The Amazon memo made its dire forecast based not on the entire US labor force, but on a specific pool of workers that the company deems eligible or likely to work at its fulfillment centers, based on demographic and location data. In certain markets, like Phoenix, Arizona, the pressures are immediate: Amazon was projected to exhaust that potential workforce by the end of 2021. Recode reports that the company loosened enforcement of workplace policies in its Phoenix warehouses to reduce turnover.
Amazon also is seeing pushback from employees who stick around. Its workers have attempted to unionize in multiple warehouses around the US, and in April they succeeded at a warehouse in New York’s Staten Island. The company has tried to quash organizing efforts, but even without them, warehouse workers are increasingly vocal about things like insufficient bathroom breaks, dangerous working conditions, and a culture of surveillance in Amazon facilities.
In one survey of 31,000 former warehouse employees, referenced in the memo, employees reported improved working conditions at Amazon competitors FedEx and Walmart. According to Recode, the survey found that employees who left Amazon to join another company “rated Amazon significantly worse on work fitting skills or interests, demands of the work, shift length, and shift schedule.”
To fix its warehouse labor problem, Amazon may need to truly address those gripes, while also attracting new talent, fending off competition, and improving automated systems at its locations.
When covid-19 hit, many retailers shut down or limited in-person shopping. Amazon thrived. The company’s profit hit $8.1 billion in the first three quarters of 2021, up 220% year over year. Today, Amazon has roughly 200 million people paying $139 per year for Amazon Prime, which also acclimated its customers to one-day shipping.

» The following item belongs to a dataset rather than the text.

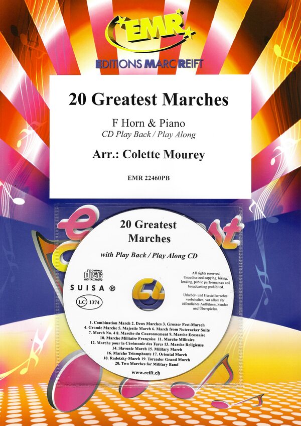 1. Combination March (Joplin) / 2. Deux Marches from Le Carnaval de Venise (Campra) / 3. Grosser Fest-Marsch (Wagner) / 4. Grande Marche from Trois Grandes Marches (Czerny) / 5. Majestic March (Joplin) / 6. March from Nutcracker Suite (Tchaikovsky) / 7. March No. 4 from Pomp And Circumstance (Elgar) / 8. Marche du Couronnement from Le Prophète (Meyerbeer) / 9. Marche Ecossaise (Debussy) / 10. Marche Militaire Française from Suite Algérienne (Saint-Saëns) / 11. Marche Militaire from Trois Marches Militaires (Schubert) / 12. Marche pour la Cérémonie des Turcs from Le Bourgeois Gentilhomme (Lully) / 13. Marche Religieuse (Guilmant) / 14. Slavonic March (Tchaikovsky) / 15. Military March (Granados) / 16. Marche Triomphante from David et Jonathas (Charpentier) / 17. Oriental March from Seis Piezas Sobre Cantos Populares Españoles (Granados) / 18. Radetzky-March (Strauss) / 19. Toreador Grand March from Carmen (Bizet / Maylath) / 20. Two Marches for Military Band (Beethoven)

All that e-commerce demand led to a surge in demand for fulfillment workers: Amazon’s global workforce grew almost 75% during the pandemic. In the last quarter of 2021—peak holiday shopping season—Amazon fell short of its plans to hire 150,000-plus people, chief financial officer Brian Olsavsky said on a February earnings call. But over the course of the second half of the year, Amazon hired some 270,000 new employees.
To keep more workers coming, and improve churn levels that can top 100%, Amazon has raised minimum hourly wages to as much as $18 an hour and even dropped marijuana testing for prospective applicants. But it’s clear that even Amazon knows it’s getting harder to find people who consider working in Amazon fulfillment fulfilling.